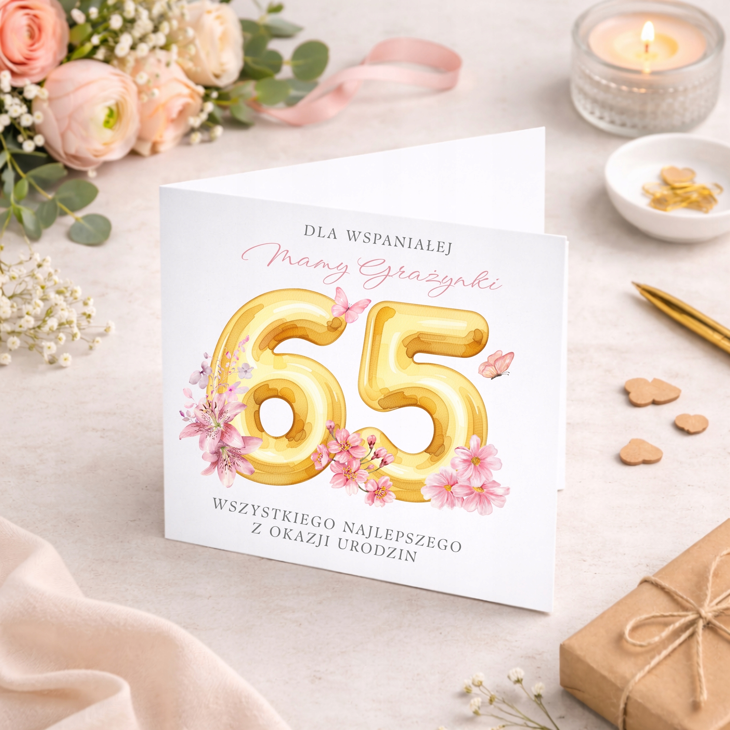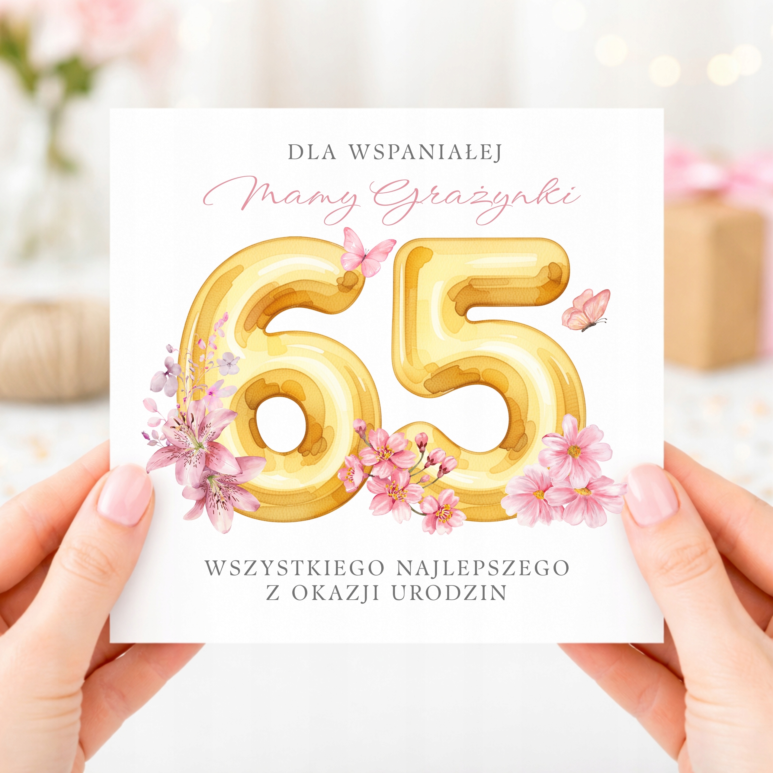 Kartka na 65 Urodziny Kartka Urodzinowa Personalizowana na Prezent
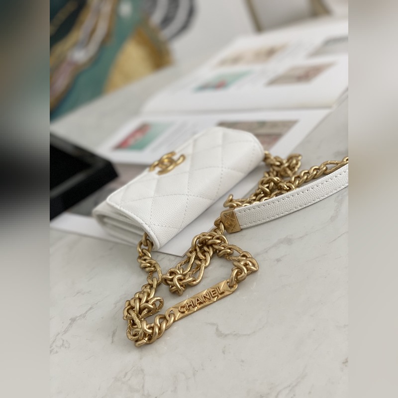 Chanel chain flap coin purse has both quality and value. It is very comfortable to wear and the whole bag is cool and sweet. Its shoulder strap has Chanel’s unique logo. It is super cool. The ball-grain leather is wear-resistant and durable. It can be carried cross-body or on one shoulder. It can’t fit a mobile phone. It has multiple built-in compartments, so it can hold small items. Size 12 9 2.5cm No. 81156 02843
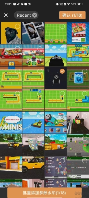 2、跳转到系统相册页面,在这里可以批量勾选想要添加水印的图片。
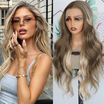 Perucas Lace Front Onduladas Com Mechas Castanho-a…
+++
- INSTRUCTIONS TO FOLLOW -
Return the material in full, word for word, and skip the pictures.

- SOLVED EXERCISE -
 Kartka na 65 Urodziny Kartka Urodzinowa Personalizowana na Prezent
 Chanel chain flap coin purse has both quality and value. It is very comfortable to wear and the whole bag is cool and sweet. Its shoulder strap has Chanel’s unique logo. It is super cool. The ball-grain leather is wear-resistant and durable. It can be carried cross-body or on one shoulder. It can’t fit a mobile phone. It has multiple built-in compartments, so it can hold small items. Size 12 9 2.5cm No. 81156 02843
 2、跳转到系统相册页面,在这里可以批量勾选想要添加水印的图片。
 Perucas Lace Front Onduladas Com Mechas Castanho-a…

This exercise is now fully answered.